De mon coté, l'éditeur Japonais m'a dit que le 3e volume était prévu dans la 2e partie de l'année, et qu'il ne sait pas encore si ce sera le dernier volume ou pas.
Même dans les profondeurs de l'enfer
La fleur de l'amitié peut toujours s'épanouir
Laissant derrière elle, ses pétales comme souvenir
Elle se balance au gré des vagues
Puisse-t-elle un jour...s'épanouir de nouveau

Avatar du membre
cicipouce
Messages : 44
Enregistré le : 22 mai 2009, 04:06
Localisation : Martinique
Contact :

Re: Reversible Man

Message non lu par cicipouce » 25 févr. 2015, 15:17

Un manga trop écœurant pour moi (c'est un comble vu ma passion pour les films d'horreur) mais je n'ai rien trouvé de bien plaisant !! Je passe mon tour !!
.(¯`•¸·´¯) * ƇιƇιǷѻμƇε *(¯`·¸•´¯).

Avatar du membre
Koiwai
Rider on the Storm
Messages : 9958
Enregistré le : 18 avr. 2008, 11:52
Localisation : Lille

Re: Reversible Man

Message non lu par Koiwai » 24 mars 2015, 18:58

Tome 2 :

Un an s'est écoulé depuis que l'existence des retournés a été rendue publique. Le ministère de la santé commence à s'intéresser à ce problème, et ce qui était autrefois considéré comme une légende urbaine est désormais vu comme une sorte de maladie.
C'est dans un climat où l'angoisse collective s'est installée que des crimes persistent. Des criminels sexuels en liberté conditionnelle disparaissent les uns après les autres, tandis que des meurtres atroces ont lieu. En tête, un corps de foetus retrouvé dans un sac poubelle par des lycéennes. Quant à Ayaka, adolescente de 17/18 ans enceinte, elle a vu son petit copain tué au couteau à la sortie du métro, et ne sait que faire entre avorter ou garder l'enfant, au risque de mettre hors d'elle sa mère névrosée...
Roku et Hachi, eux, poursuivent encore et toujours leur traque des retournés. En allant abattre une poignée d'entre eux, ils découvrent une piste liée à une secte et à une clinique, et décident de la remonter. Quand il s'infiltre là-dedans, Hachi est loin de se douter de ce qui l'attend, des horreurs qu'il est sur le point de découvrir... Les différentes affaires seraient-elles liées ?
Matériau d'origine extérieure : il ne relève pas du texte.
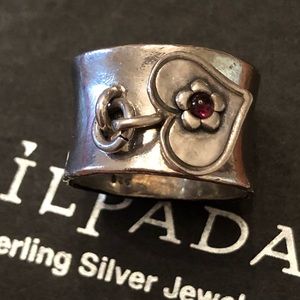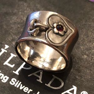 RARE Vintage Hammered Silpada Sterling Silver and Genuine Garnet “A Heartfelt Gift” Ring With a Reversible Dangle Heart Charm. Size 7. Extremely rare vintage piece from the 2003-2004 catalog. A rare find.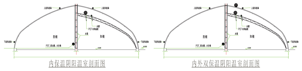 水蓄熱內(雙)保溫裝配式陰陽溫室配套設備包括:溫室主體、骨架系統、(前坡、后坡)外膜系統、(前坡)內膜系統、(前后坡上、下)放風系統、(前坡)內保溫系統、(前坡)外保溫系統、新型水蓄熱系統、安裝系統、供電系統。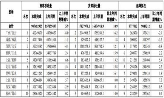 五、重点机场吞吐量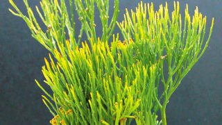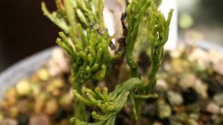 枝分れ多く葉先が黄金に染まる。開花期 冬季 常緑 日当たり 明るい日陰 耐寒性 中 水やり 普通 施肥 生育期に有機液肥を2週間に1回程度 用土 山野草の土/基本培養土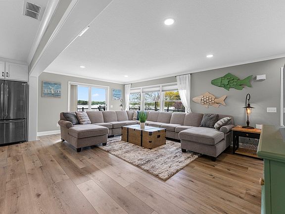 Open the door to this turn key, LAKESIDE PARADISE offering over 4000 square feet of finished living space! This plush level lot with over a half acre is a rare find that is more than premium when it comes to location and desirability for Big Turkey Lake, especially since it also includes its own back lot. That's right, almost a full acre included in this ALL-sports lake oasis! Let’s talk about how this property has had a head-to-toe facelift inside and out with some MAJOR upgrades, including all new stone and steel siding, new steel roof, upper balcony addition on waterfront, opening up the main level kitchen and living area, full kitchen remodel with island added, handcrafted cabinets, stone countertops, and new appliances. Seller spared no expense making this house a luxury lakeside retreat for all. Custom landscaping installed included a rock retaining wall along the beach and a flagstone patio and fire pit that really add to the lakeside vibe! Bedrooms and baths on every level with main level of this home offering 2 beds, 1.5 baths, upper level offers two bedrooms 2 full baths, a large landing area, and lower level, yet another bedroom and full bath! The basement of this home is a dream for hosting and entertaining with a bar, additional living and dining area, and a card/game room. Alright, back to location!? Who doesn’t LOVE having 4 restaurants, a Dollar General, AND a gas station all pretty much within walking distance or a golf cart cruise from their house? Exactly! Alright, back to the house! So what exactly stays? EVERYTHING! Come see for yourself!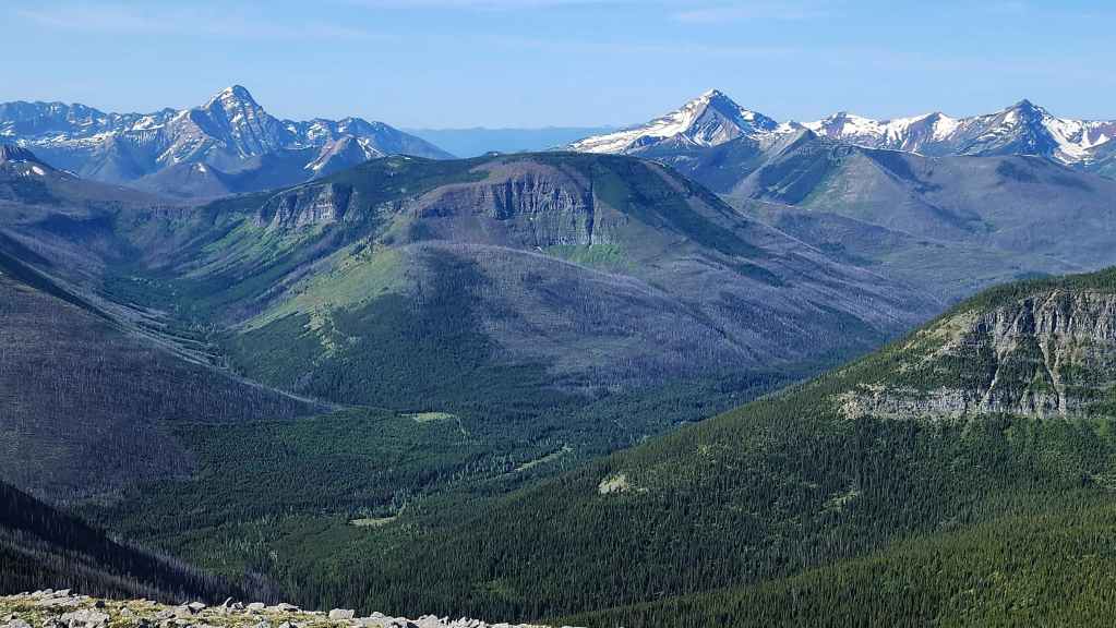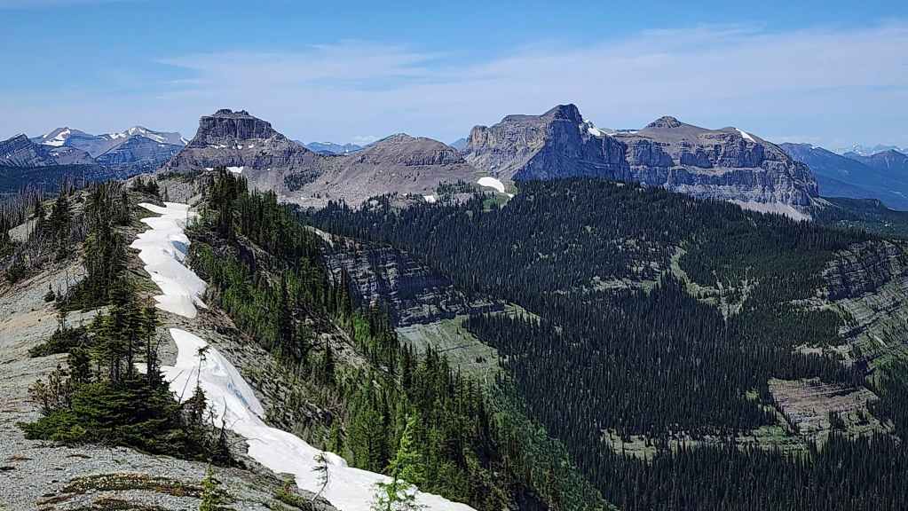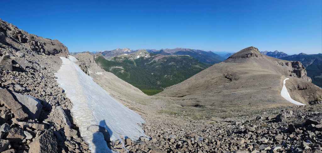 Instead of following the Great Divide Trail (GDT) north from the Pass, we headed to climber’s right and up and along the gentle ridge towards “Sage Pass Peak”. By following the mostly open slopes for ~920 m (160 m elevation gain), we soon arrived on the summit and were surprised by how good the views were. For reference, it took us 3 hours and 20 minutes and ~13.8 km (837 m elevation gain) from Red Rock Canyon to reach the summit.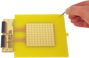 The above picture (by courtesy of Helion) shows a custom made sensor plate with an active area of 800cm² and 46 x 36 measurement cells. Nearly any design is possible. The minimal size of the measurement cells is 7 x 7mm. The maximal size is restricted by the current they have to measure and should not be much larger.
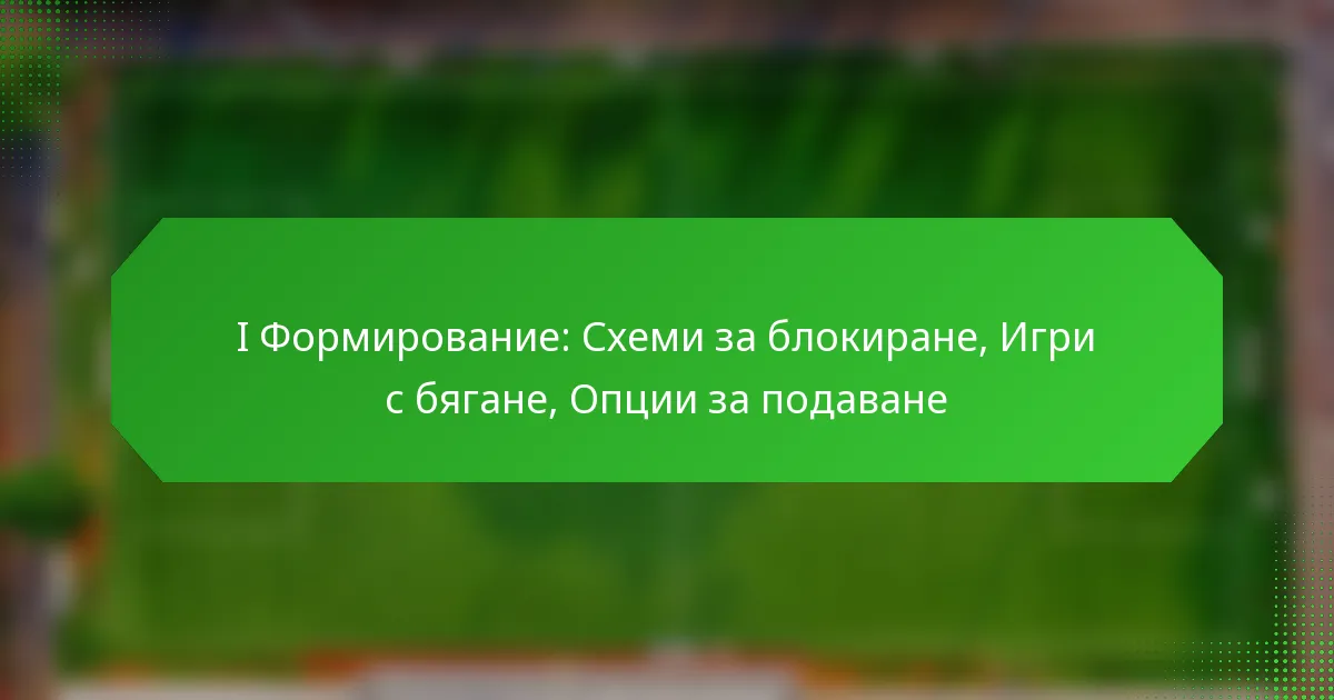Блокиращите схеми във формацията I определят как офанзивните лайнмени взаимодействат с защитниците, за да създадат отвор за носителя на топката. Двата основни типа са зонално блокиране и мъжко блокиране, като всеки служи на различни стратегически цели. Зоналното блокиране се фокусира върху създаването на линии, като се движат в синхрон към определена зона, докато мъжкото блокиране назначава конкретни защитници на всеки лайнмен.
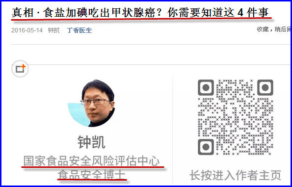 国家食品安全风险评估中心副研究员钟凯博士针对本人发表的《中国把碘化钾补碘改为碘酸钾的终极秘密》的文章,于2016年5月14日发表文章《真相 · 食盐加碘吃出甲状腺癌? 你需要知道这 4 件事》,这篇文章的观点是毒品只要是少量就安全!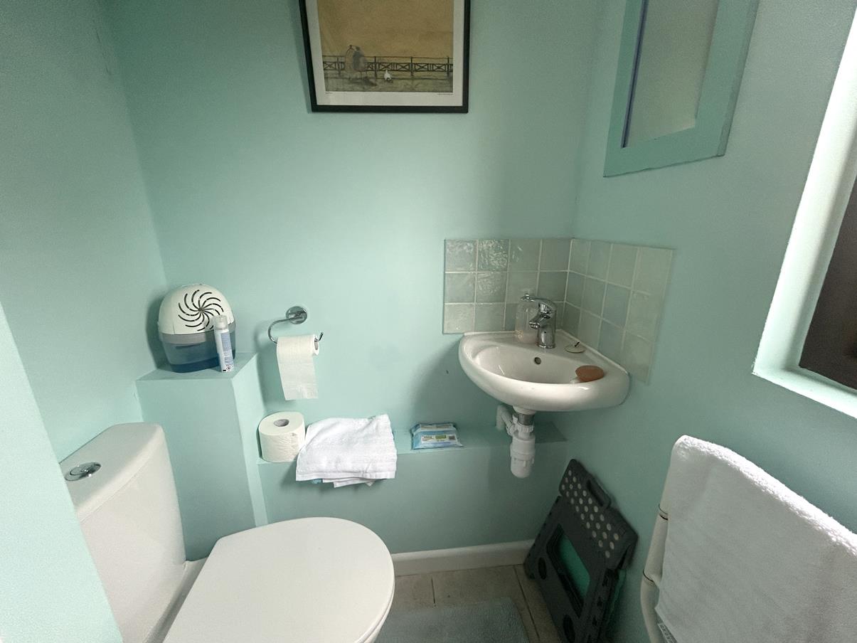 Cloakroom - With W.C., wall mounted wash handbasin with tiled splashback, window to the rear aspect, heated towel rail, extractor and tiling to the floor.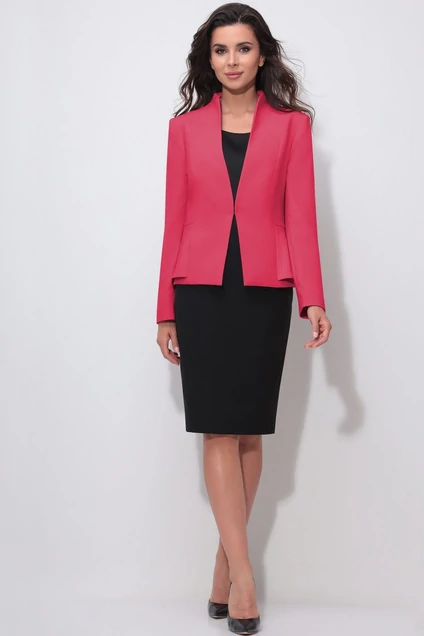 Комплект женский состоящий из жакета, юбки и топа. Жакет на подкладке, приталенного силуэта, втачного покроя, отрезной по линии талии, нижняя часть жакета выполнена в виде баски состоящей из двух частей. По переду и спинке рельефы из проймы. спинка со средним швом. Вырез горловины V-образный. Застежка смещенная. двухбортная на 2 декоративные пуговицы и петли. Рукав двухшовный, длинный.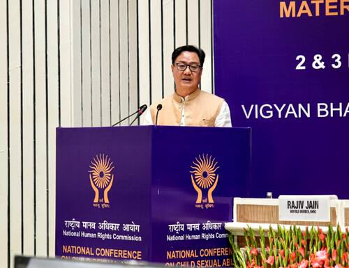 दिल्ली स्थित विज्ञान भवन में राष्ट्रीय मानवाधिकार आयोग (NHRC) द्वारा ‘बाल यौन शोषण सामग्री’ विषय पर आयोजित राष्ट्रीय सम्मेलन में कानून मंत्री ने कहा, ‘हमें कानूनी प्रावधानों के परे जाकर देखना होगा. महिलाओं तथा बच्चों की सुरक्षा सुनिश्चित करने के लिए समाज को एकजुट होना चाहिए." रीजीजू ने बाल यौन शोषण के अपराध को सबसे गंभीर और परेशान करने वाली चुनौतियों में से एक करार दिया.

Dès le début, la réponse à cette dernière question ne fait aucun doute : dès que l'on voit se mettre en place certains personnages comme Ayaka et la procureure Kajii, il n'est vraiment pas difficile de tout relier et de deviner largement à l'avance les réponses aux mystères autour des meurtres de foetus, de la mort du copain d'Ayaka, de la raison faisant que Kajii a une vision de la justice toute personnelle...
Est-ce que cet aspect très prévisible, encore plus prévisible que dans le volume 1, est dérangeant ? Hormis pour le classicisme des desseins du docteur de la clinique, pas vraiment, car Nakatani D. ne montre jamais de réelle volonté d'entretenir le suspense (sinon, il ne dévoilerait pas si vite le "sens de la justice" de Kajii, entre autres). L'intérêt de son récit est ailleurs, à l'instar du tome 1 : il réside surtout dans la très bonne exploitation d'une ambiance toujours aussi crade, malsaine et sombre. Névrose, troubles de l'identité, viols, adolescente enceinte, cancer, secte... l'auteur exploite les pires tréfonds de l'âme humaine pour nous croquer un récit qui met à nouveau très mal à l'aise, malgré quelques notes d'humour de temps à autre et des idées délicieusement nanardesques assumées (aaaah, les corps-machines de nos héros). Pourtant, concrètement, on pourra trouver ce deuxième volume visuellement un peu moins gore que le premier... mais rassurez-vous, il y en a quand même un bon paquet, entre cadavre de foetus, pénis déchiqueté, membres et corps tronçonnés, langue tailladée, et bien sûr viscères à l'air libre... Il y a de quoi se régaler (ou pas) !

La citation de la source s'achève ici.